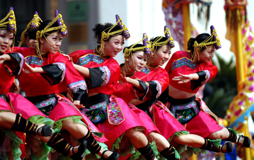 浙江省「千鎮萬村種文化」活動15日在杭州舉行。來自浙江各地的24個文藝節目和近500名農民演員以各種形式展示「田野的風采」。圖為麗水市雲和縣霧溪畬族姑娘在表演舞蹈《山哈布呢崽》。(新華社)
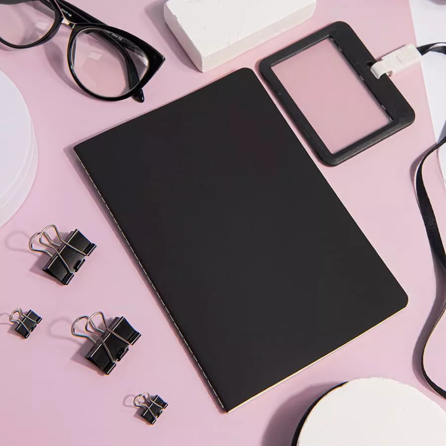 Цвет обложки черныйЦвет обреза и прошивки на корешке черныйРазмер 140*210 мм, переплет мягкийОбложка PU Silk TouchСкругленные углыБумага кремовая, плотность 70г м2Форзац нахзац кремовые64 страницы
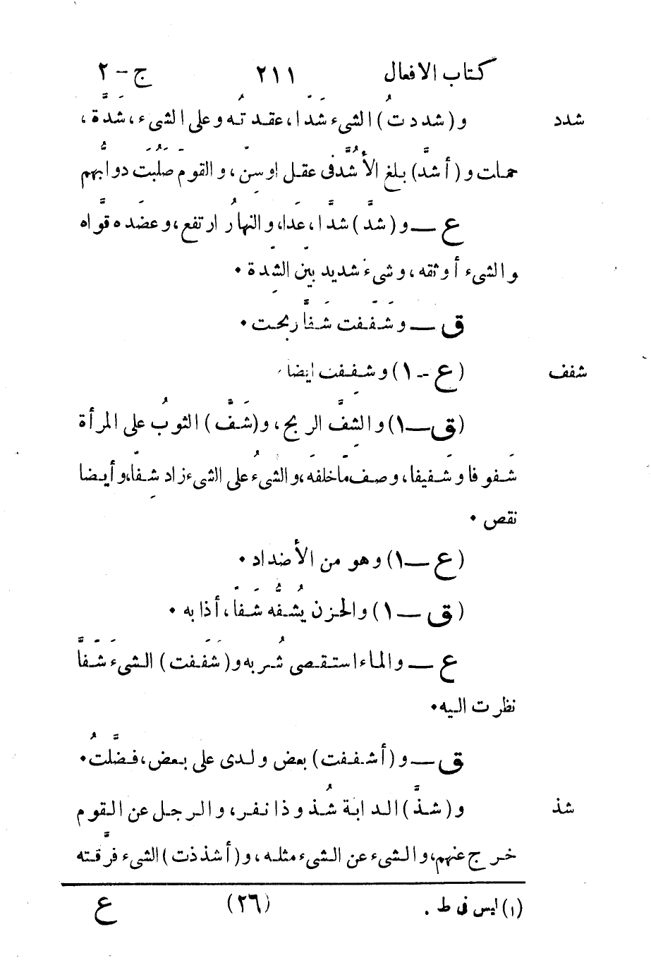 ع - والماء استقضى شُربه و"شَفَفت" الشيءَ شَفاَّ نظرت إليه.
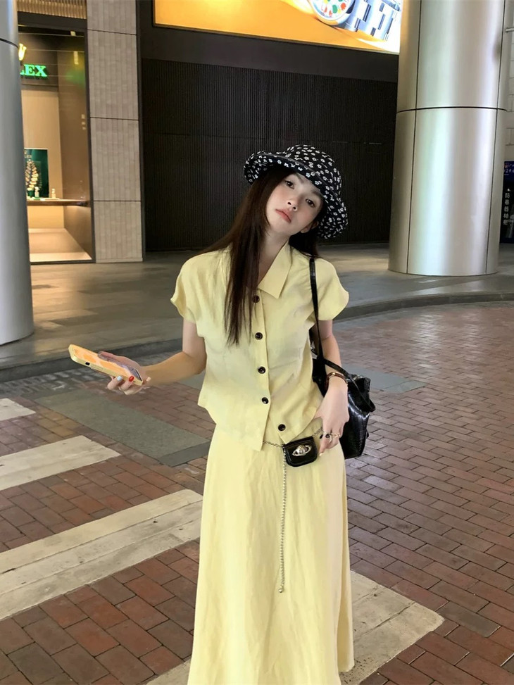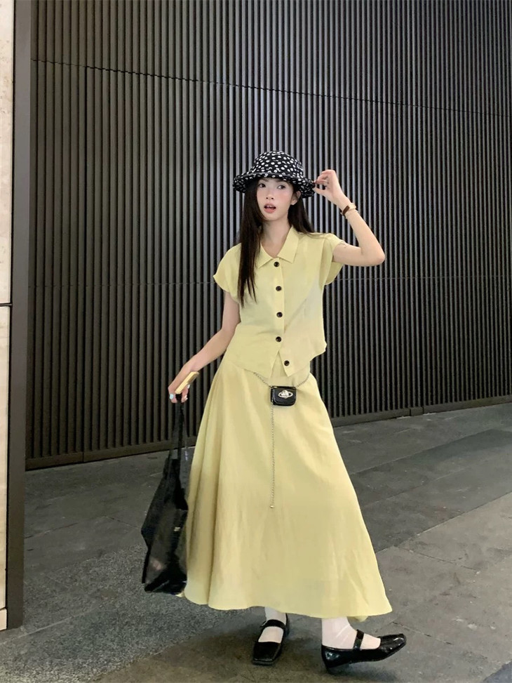 懒人时髦利器 来了 不会穿搭的姐妹们 给大家组了一套完美组合😍 今天这一套Polo领衬衫+高腰显瘦半裙 直接打造出慵懒又精致的韩系松弛感☑️ 舒适度满分,超级遮肉显瘦 这样一套真的会让人眼前一亮❗
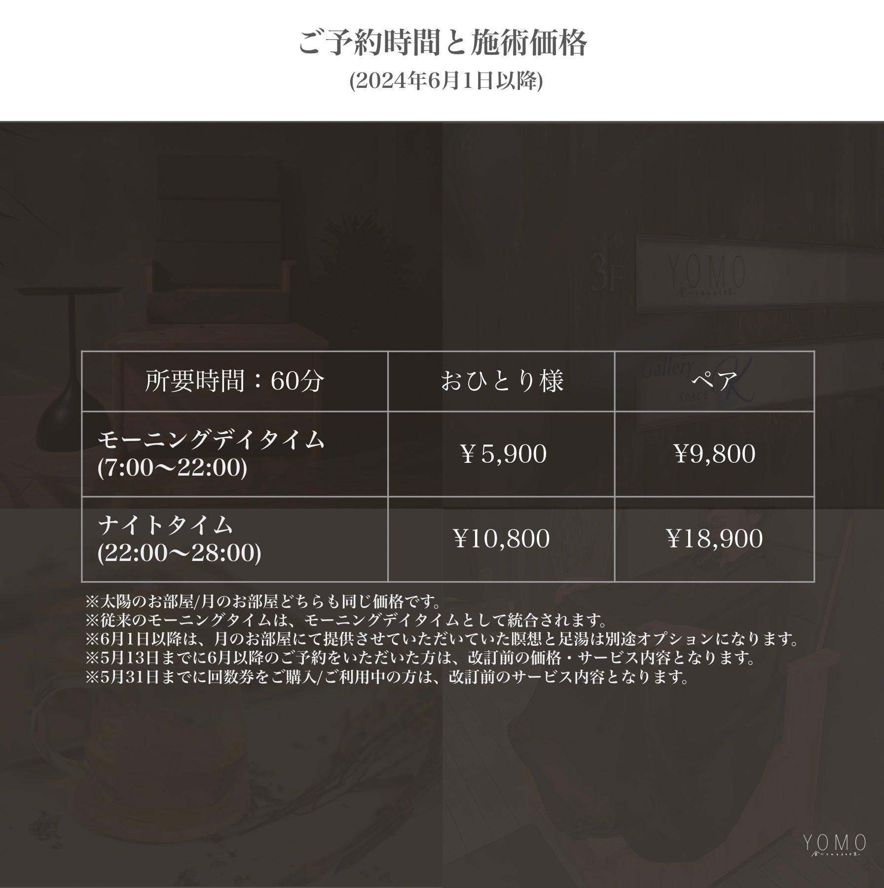 当初、ご新規のお客様は「太陽のお部屋」のみのご予約が可能であったところを、6月1日より「月のお部屋」もお選びいただけるようリニューアル。朝昼夜の各時間帯で、それぞれのライフスタイルに合わせて通っていただきやすい仕様に。お部屋はご予約時に選択可能。
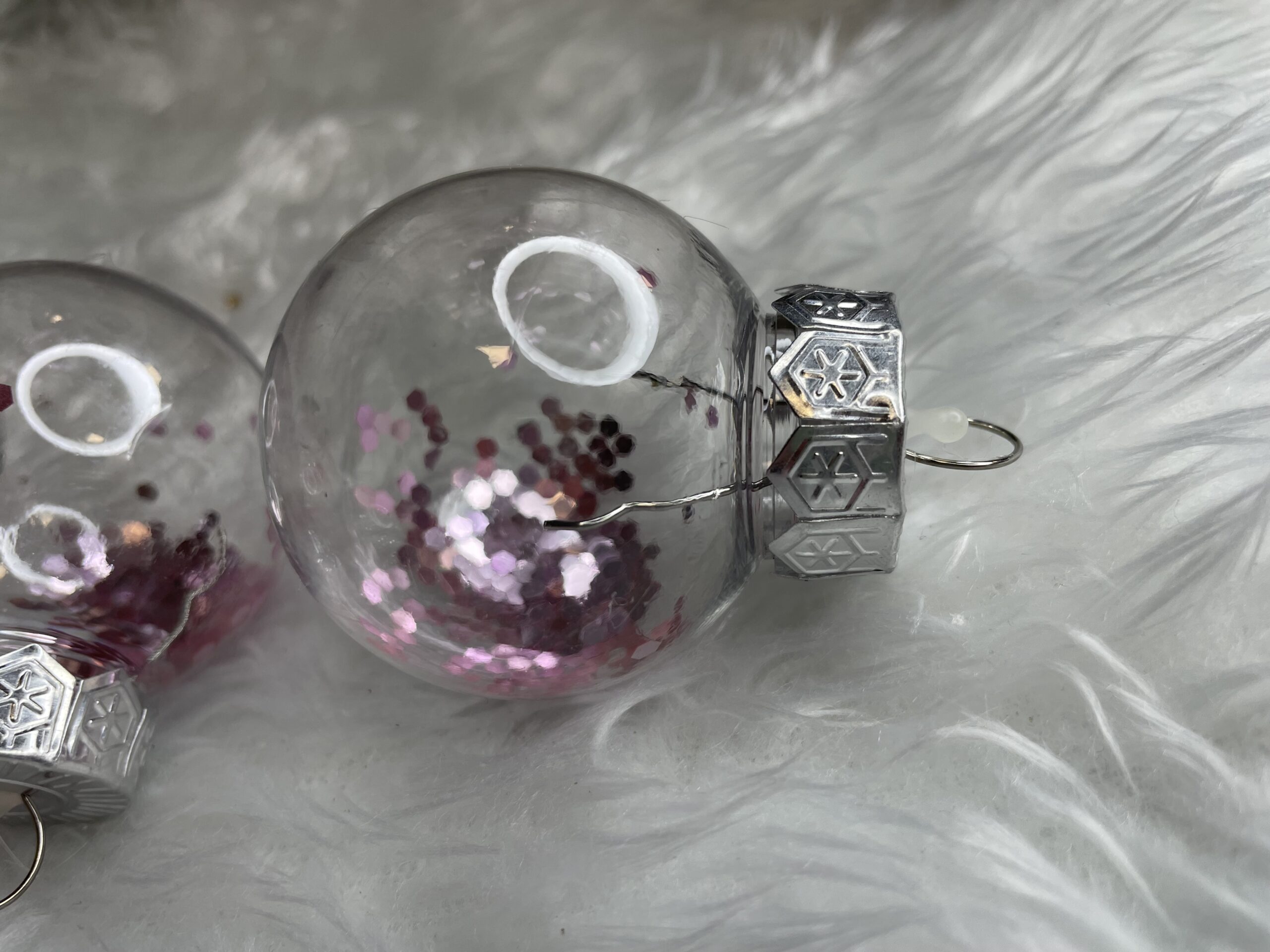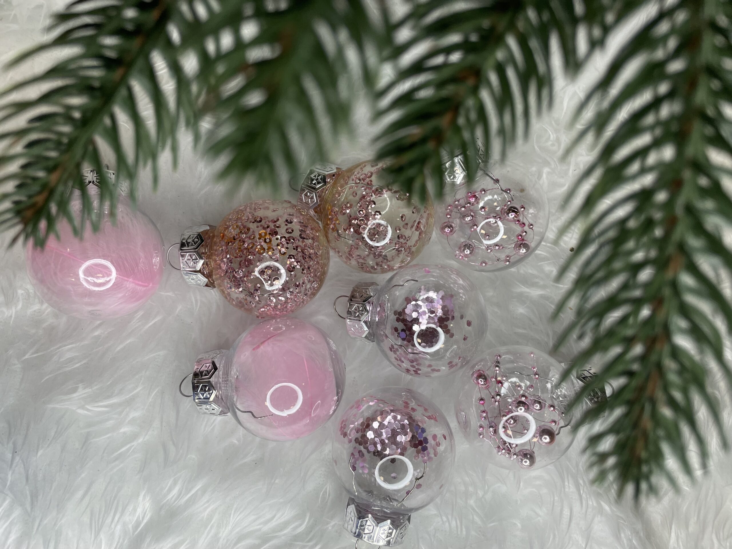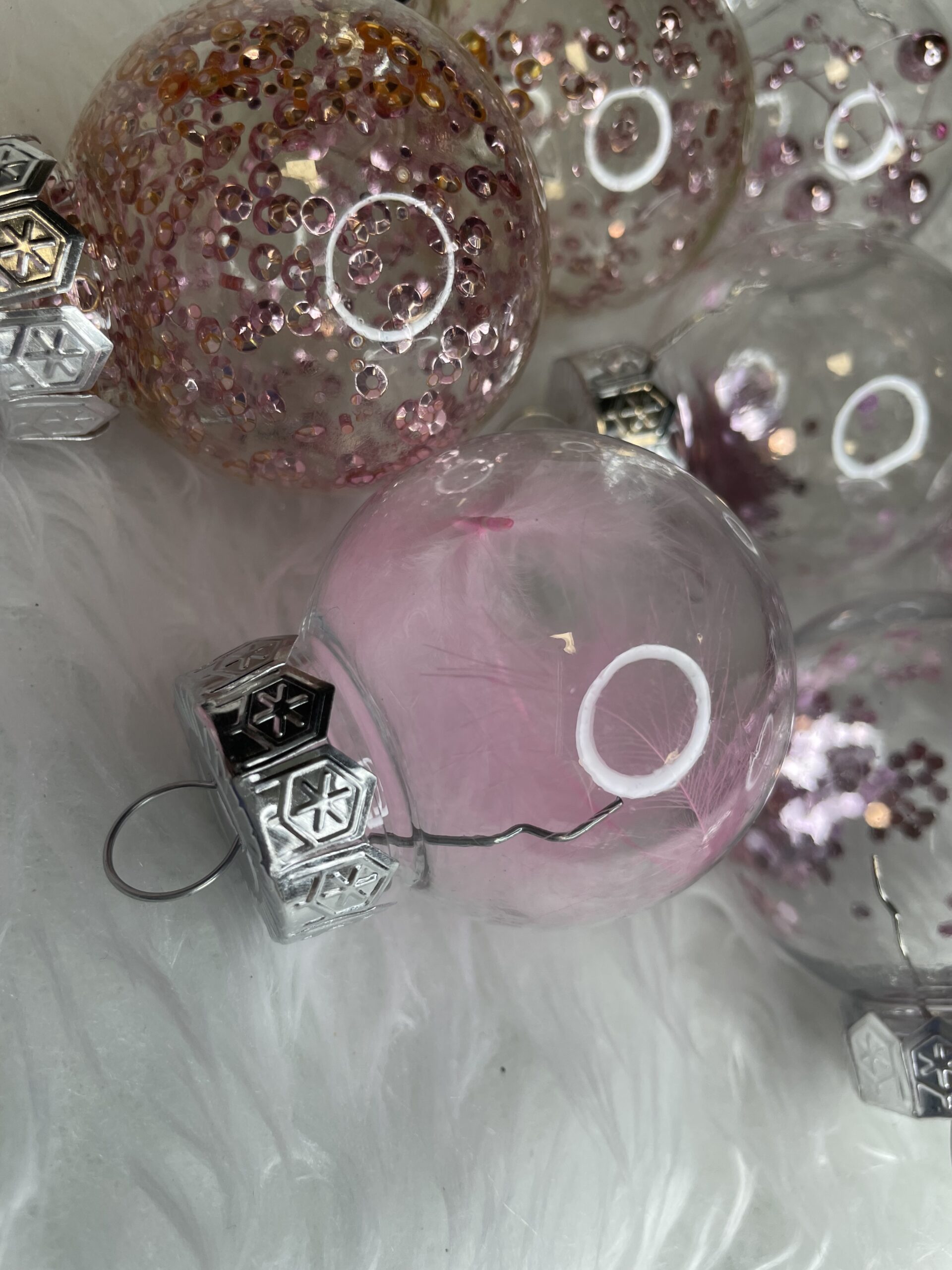 Culoare: transparent cu interior roz Material: plastic Cantitate: 24 bucati de globulete Desene: 1.5 mm: 4 modele diferite Incasabil, snur pentru agatare Setul include: 6x...
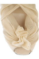 The heel measures 6.5 inches with a 1.5 inch platform. These Fendi sandals retail for $1,195 have a nude sheer tulle leg ties and ruffle detail at toe, a designer-logo-embossed leather insole and fasten with a buckle at ankle. Pair them with a some nude seperates for your spring and summer wardrobe and you will be sure to be stepping in style. Check out Ashley Olsen wearing them at the Elle Style Awards.
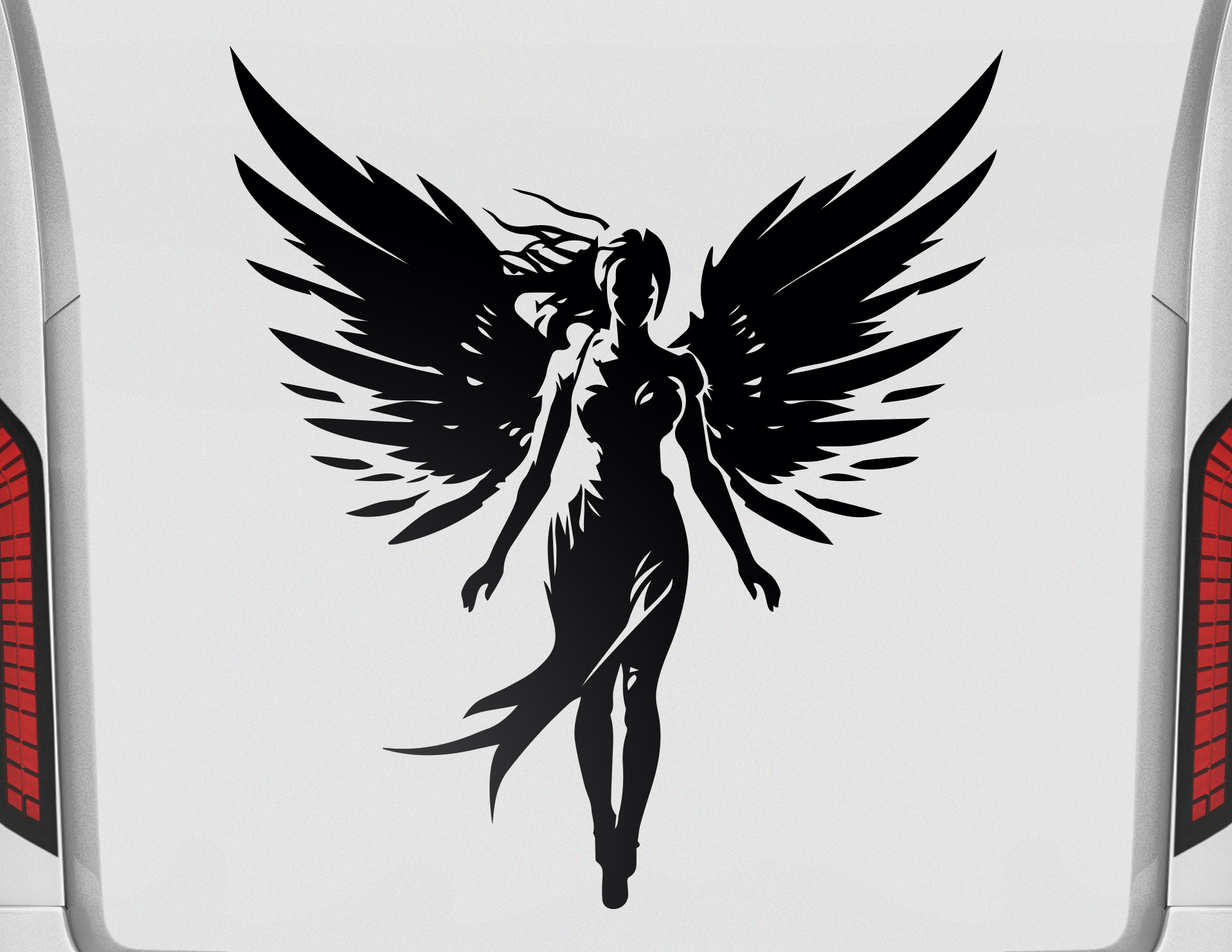 Himmlischer Wächter: Mit unserem Autoaufkleber Guardian Angel fügst Du Deinem Fahrzeug eine besondere Note hinzu. Das atemberaubende Design zeigt eine Frauenfigur mit prächtigen Engelsflügeln und wehendem Haar, die über Dich wacht.

◆ **Task to carry out**: This exercise needs every entry retyped exactly, with the pictures removed.

◆ **Task solution**:
 浙江省「千鎮萬村種文化」活動15日在杭州舉行。來自浙江各地的24個文藝節目和近500名農民演員以各種形式展示「田野的風采」。圖為麗水市雲和縣霧溪畬族姑娘在表演舞蹈《山哈布呢崽》。(新華社)
 Цвет обложки черныйЦвет обреза и прошивки на корешке черныйРазмер 140*210 мм, переплет мягкийОбложка PU Silk TouchСкругленные углыБумага кремовая, плотность 70г м2Форзац нахзац кремовые64 страницы
 ع - والماء استقضى شُربه و"شَفَفت" الشيءَ شَفاَّ نظرت إليه.
 懒人时髦利器 来了 不会穿搭的姐妹们 给大家组了一套完美组合😍 今天这一套Polo领衬衫+高腰显瘦半裙 直接打造出慵懒又精致的韩系松弛感☑️ 舒适度满分,超级遮肉显瘦 这样一套真的会让人眼前一亮❗
 当初、ご新規のお客様は「太陽のお部屋」のみのご予約が可能であったところを、6月1日より「月のお部屋」もお選びいただけるようリニューアル。朝昼夜の各時間帯で、それぞれのライフスタイルに合わせて通っていただきやすい仕様に。お部屋はご予約時に選択可能。
 Culoare: transparent cu interior roz Material: plastic Cantitate: 24 bucati de globulete Desene: 1.5 mm: 4 modele diferite Incasabil, snur pentru agatare Setul include: 6x...
 The heel measures 6.5 inches with a 1.5 inch platform. These Fendi sandals retail for $1,195 have a nude sheer tulle leg ties and ruffle detail at toe, a designer-logo-embossed leather insole and fasten with a buckle at ankle. Pair them with a some nude seperates for your spring and summer wardrobe and you will be sure to be stepping in style. Check out Ashley Olsen wearing them at the Elle Style Awards.
 Himmlischer Wächter: Mit unserem Autoaufkleber Guardian Angel fügst Du Deinem Fahrzeug eine besondere Note hinzu. Das atemberaubende Design zeigt eine Frauenfigur mit prächtigen Engelsflügeln und wehendem Haar, die über Dich wacht.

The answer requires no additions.